B16 – Problems in Education (4.06): Training is crucial to overcome this barrier. Agricultural extension divisions and NGOs should incorporate agriculture 4.0 technologies into their training programs to help farmers recognize their benefits (Arthur et al., 2024). Suggested actions include: (i) expand training for extension workers to disseminate agriculture 4.0 knowledge to vulnerable farmers; (ii) encourage peer learning through exchanges and technical visits between farmers; (iii) establish partnerships between governments, companies, and universities to create agriculture 4.0 curriculum; (iv) implement mobile agricultural training schools in remote areas; (v) support startups and incubators developing educational solutions for agriculture 4.0; and (vi) provide free audio and video educational materials to ensure greater learning accessibility.

4.2.5 Environmental cluster

Skepticism regarding the reliability of environmental data and technology effectiveness often characterizes non-adopters. This subsection discusses perception challenges and accessibility issues related to environmental information that impede first-time use.

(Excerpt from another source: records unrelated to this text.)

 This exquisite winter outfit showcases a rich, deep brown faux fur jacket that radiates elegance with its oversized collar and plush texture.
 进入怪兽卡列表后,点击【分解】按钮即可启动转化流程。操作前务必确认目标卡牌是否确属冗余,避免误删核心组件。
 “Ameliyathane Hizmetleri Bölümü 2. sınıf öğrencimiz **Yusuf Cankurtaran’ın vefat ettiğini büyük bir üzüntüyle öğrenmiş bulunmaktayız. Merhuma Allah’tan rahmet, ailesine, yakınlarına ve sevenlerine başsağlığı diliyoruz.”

B22 – Lack of Effectiveness in Rural Data (4.17): Agrometeorological models need constant updates, but current models already have high accuracy. The issue may lie more in farmers’ perceptions than in the technology itself, as many have not used these tools to verify their effectiveness. A key factor influencing adoption is whether these technologies are reliable and deliver the promised results (Georgopoulos et al., 2023). Suggested approaches to overcome this barrier include: (i) installing low-cost weather stations and soil sensors in rural areas for more accurate, localized data; (ii) using AI and machine learning to improve the accuracy of agrometeorological models and predict weather more reliably; (iii) creating incentive programs to facilitate access to agricultural sensors and software; and (iv) implementing pilot projects and experimental farms to demonstrate the effectiveness of data generated by agriculture 4.0 technologies.

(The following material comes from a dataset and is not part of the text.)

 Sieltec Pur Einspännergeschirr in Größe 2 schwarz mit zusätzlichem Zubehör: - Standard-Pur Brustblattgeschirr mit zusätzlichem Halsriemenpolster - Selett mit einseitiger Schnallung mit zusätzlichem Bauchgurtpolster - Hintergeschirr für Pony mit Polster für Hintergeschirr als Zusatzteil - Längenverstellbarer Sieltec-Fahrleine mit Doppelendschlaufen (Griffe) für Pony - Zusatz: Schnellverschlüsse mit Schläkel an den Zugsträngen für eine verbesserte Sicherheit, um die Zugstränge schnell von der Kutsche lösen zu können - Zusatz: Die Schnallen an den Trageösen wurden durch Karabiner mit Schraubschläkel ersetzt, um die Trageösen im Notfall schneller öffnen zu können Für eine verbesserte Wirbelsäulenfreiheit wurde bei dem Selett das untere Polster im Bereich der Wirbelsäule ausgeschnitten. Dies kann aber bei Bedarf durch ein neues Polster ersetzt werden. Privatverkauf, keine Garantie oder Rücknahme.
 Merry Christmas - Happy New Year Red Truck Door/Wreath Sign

4.3 Unequal technological trajectories: overcoming challenges and fostering synergies

The results of this analysis demonstrate that the adoption of agriculture 4.0 technologies within the Brazilian agri-food system should be understood as an evolutionary and dynamic process, whose pace and intensity vary according to the specific challenges and contexts faced by each group. It is a trajectory marked by obstacles that transform as technological maturity advances in the sector. Both groups—TAFs and NTAFs—face similar structural and educational barriers, such as the lack of quality connectivity and technical training, indicating that without adequate infrastructure and robust educational policies, there is no foundation for effective technological transformation for farmers. The analysis also examined the relationships between perceptions of barriers and enablers, clustering both sets of factors, which provided deeper insights into how these elements interact and influence farmers’ adoption trajectories.

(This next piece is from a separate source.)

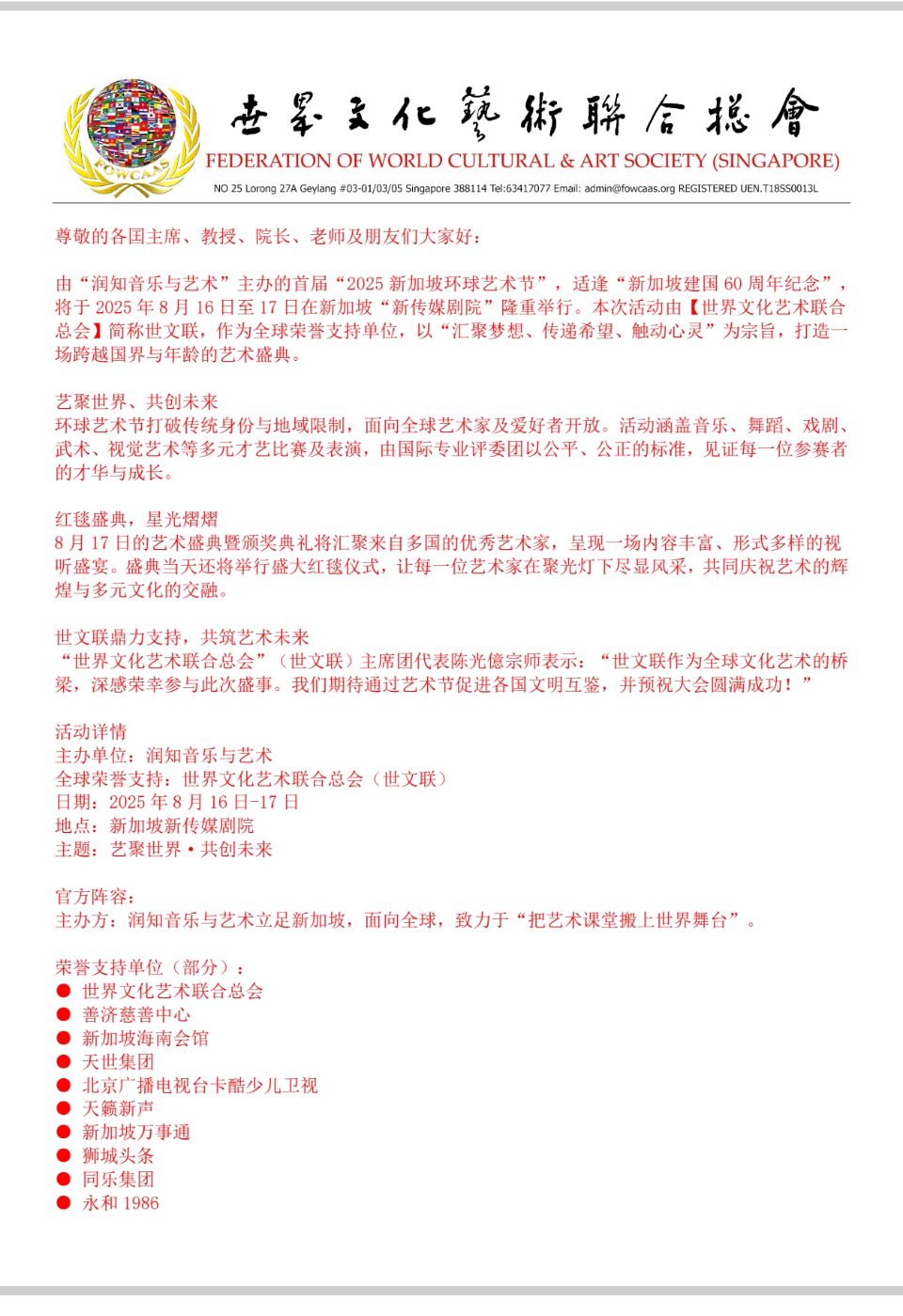 【世文联】荣誉支持2025新加坡环球艺术节暨新加坡建国60周年纪念庆典

In this scenario, solutions developed for one group can benefit the other synergistically: TAFs, by accumulating successful experiences and strategies in technology use, can share this knowledge with NTAFs through mentorship, cooperative networks, and practical demonstrations. At the same time, the challenges faced by NTAFs provide valuable insights to adapt technologies to more demanding realities, enriching the innovation process with concrete demands from the field. Practices such as shared use of equipment and technologies, formation of local networks, and creation of territorially based innovation hubs have the potential to build trust among NTAFs and deepen TAFs engagement, while also reducing technological and social isolation.

However, it is crucial to recognize that despite these synergies, the distinct trajectories of the groups require specific responses. While TAFs progress in optimizing and expanding technology use, NTAFs face the challenge of breaking the cycle of digital exclusion and taking the first steps toward digital transformation. Therefore, overcoming these barriers depends on the articulation of integrated and flexible public policies that acknowledge the specificities and diverse needs of each group. Inclusive economic models and collaborative, farmer-centered approaches should both foster cooperation between groups and develop customized solutions for unique challenges.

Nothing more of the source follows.